- Task objective: Print exactly the lines that run from the opening line of the material through the line with "International Journal of", and nothing else, leaving out pictures.

- Dataset section:

┄┄┄┄┄┄┄┄┄┄

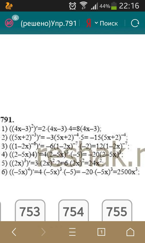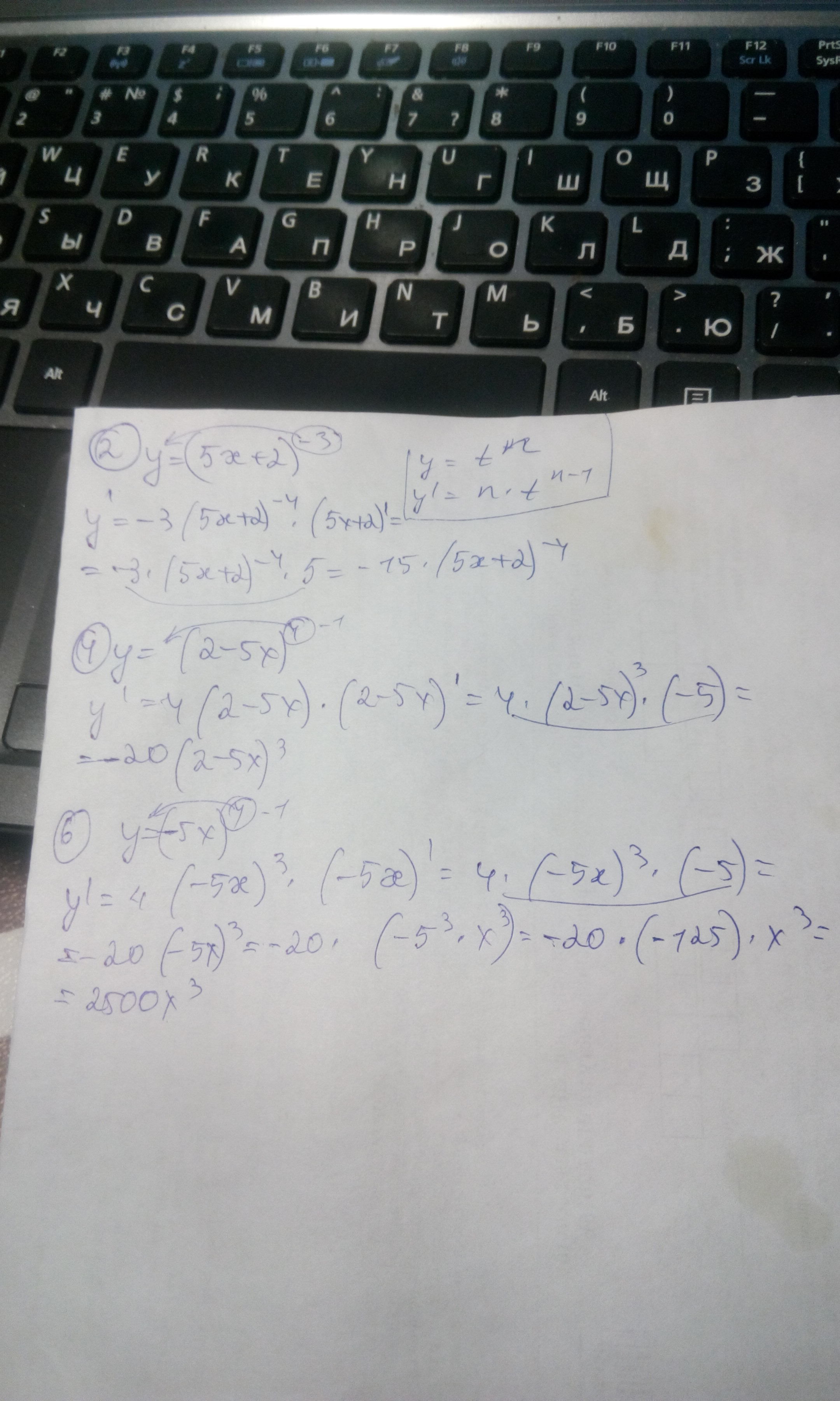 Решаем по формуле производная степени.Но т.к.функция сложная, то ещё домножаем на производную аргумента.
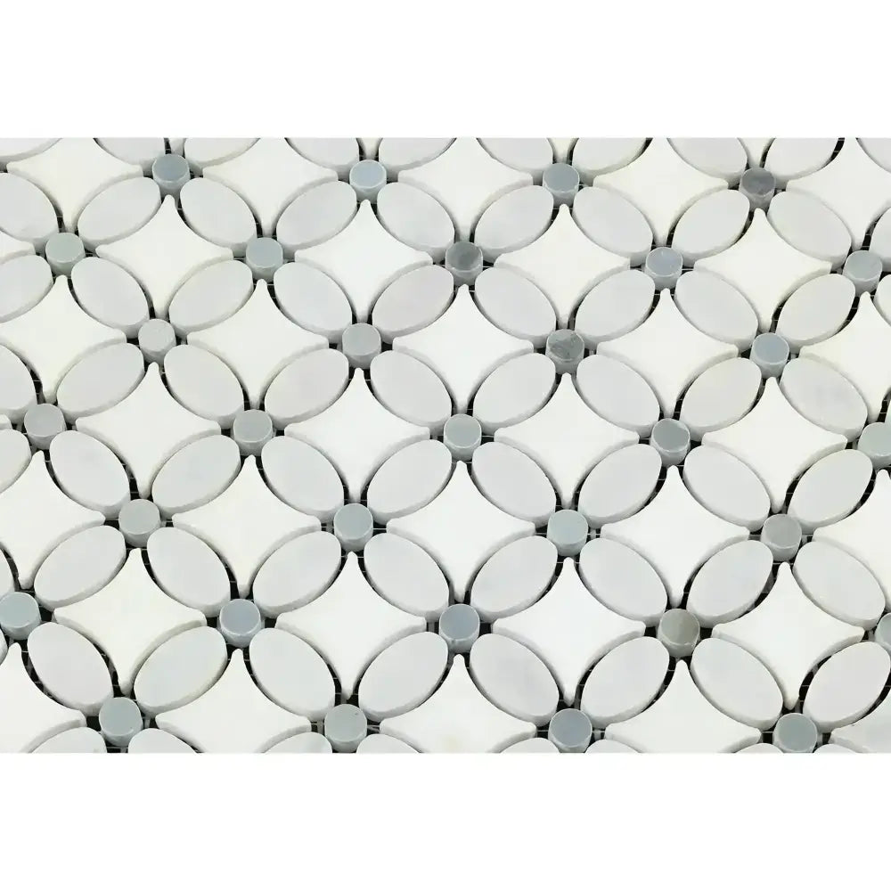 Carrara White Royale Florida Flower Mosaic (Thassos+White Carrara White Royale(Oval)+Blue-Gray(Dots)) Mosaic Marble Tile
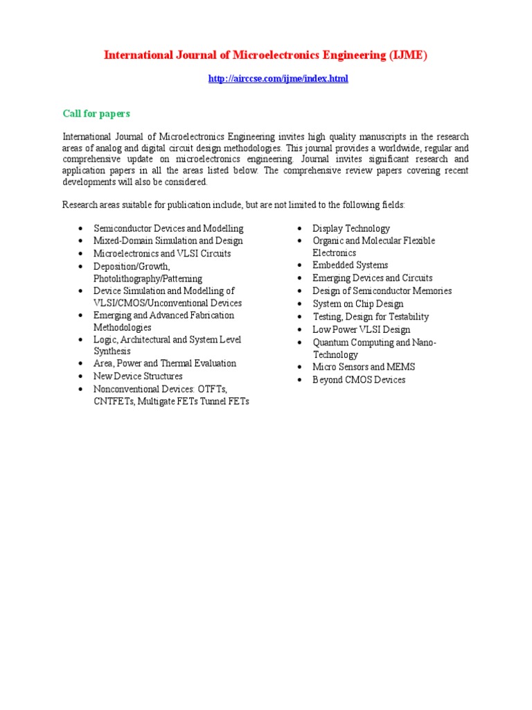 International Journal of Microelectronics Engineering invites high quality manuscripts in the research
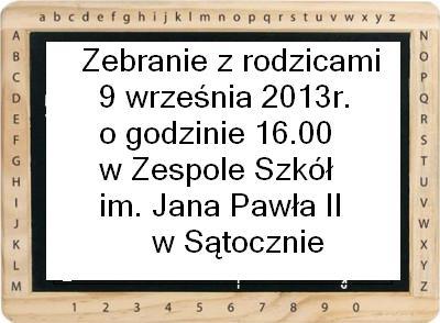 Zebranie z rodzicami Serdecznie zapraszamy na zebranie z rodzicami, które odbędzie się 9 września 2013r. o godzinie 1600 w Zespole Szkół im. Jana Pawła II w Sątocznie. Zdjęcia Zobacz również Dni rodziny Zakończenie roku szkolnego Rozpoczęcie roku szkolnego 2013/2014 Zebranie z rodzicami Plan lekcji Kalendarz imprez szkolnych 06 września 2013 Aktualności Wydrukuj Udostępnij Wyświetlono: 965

┄┄┄┄┄┄┄┄┄┄

- Written response:
 Решаем по формуле производная степени.Но т.к.функция сложная, то ещё домножаем на производную аргумента.
 Carrara White Royale Florida Flower Mosaic (Thassos+White Carrara White Royale(Oval)+Blue-Gray(Dots)) Mosaic Marble Tile
 International Journal of Microelectronics Engineering invites high quality manuscripts in the research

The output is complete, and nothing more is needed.